Approximately 40% (38.0%) of cases diagnosed aged 25–64 years attended screening in the 3 years prior to the date of index diagnosis (Table 2 ), compared to 61.2% of controls (weighted for women without a record of screening in the NMHPVPR). Women aged 25–64 years who attended screening in a 3‐year period had a lower risk of diagnosis for each cancer stage compared to women not screened in the last 5 years (Table 2 , Supporting Information Table S2 ). Only one‐fifth (22.5%) of women with Stage III+ cancer had been screened in the 3 years prior to the date of index diagnosis, compared to 59.3% of women with Stage IA cancer (Supporting Information Table S2 ). The effect of attending screening in the last 3 years increased with increasing cancer stage, from no effect on the odds of Stage IA cancer (odds ratio (OR) = 0.78, 95% CI:0.48–1.28) to strong effects on Stage III+ cancer (OR = 0.16, 95% CI:0.10–0.23) compared to women who did not attend screening in the last 5 years. Figure 2 shows there were statistically significant effects of screening on nonlocalized cancers for all ages, but only for ages 35–49 years and 50–64 years for Stage I cancers.

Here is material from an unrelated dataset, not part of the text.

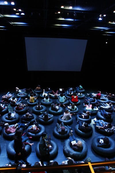Coco Fusco’s piece, “Y el mar te hablará (And the Sea Will Talk to You),” again challenged the audience/performer relationship. Tens of large rubber inner-tubes made a kind of grid across the wide and deep playing area of the Fishman Space (which, for those who haven’t been in it yet, resembles a larger version of Dixon Place’s space — a wide deep playing area with flexible seating that can be configured in a variety of ways, with a thin mezzanine level above that wraps around the entire playing and seating area). You could sit in one of the inner-tubes, as I did, or you could sit back in either the traditional riser seating or up in the mezzanine. Above the inner-tubes hung a large projection screen suspended at a downward angle so that those of us low to the floor and close to the screen could both see and feel in some ways dominated or washed over by the watery imagery on the screen.

Odds ratios and 95% confidence intervals of cervical cancer by screening attendance and stage at diagnosis, among women aged 25–64 years with at least 3 years of potential screening history

NMHPVPR and virtual controls were used in this analysis.

or not screened in the last 3 years with <5 years of potential screening data.

Odds ratios and 95% confidence intervals for risk of cervical cancer by stage for women screened within the last 3 years compared to women not screened in the last 5 years, restricted to women with ≥3 years of screening history. [Color figure can be viewed at wileyonlinelibrary.com ]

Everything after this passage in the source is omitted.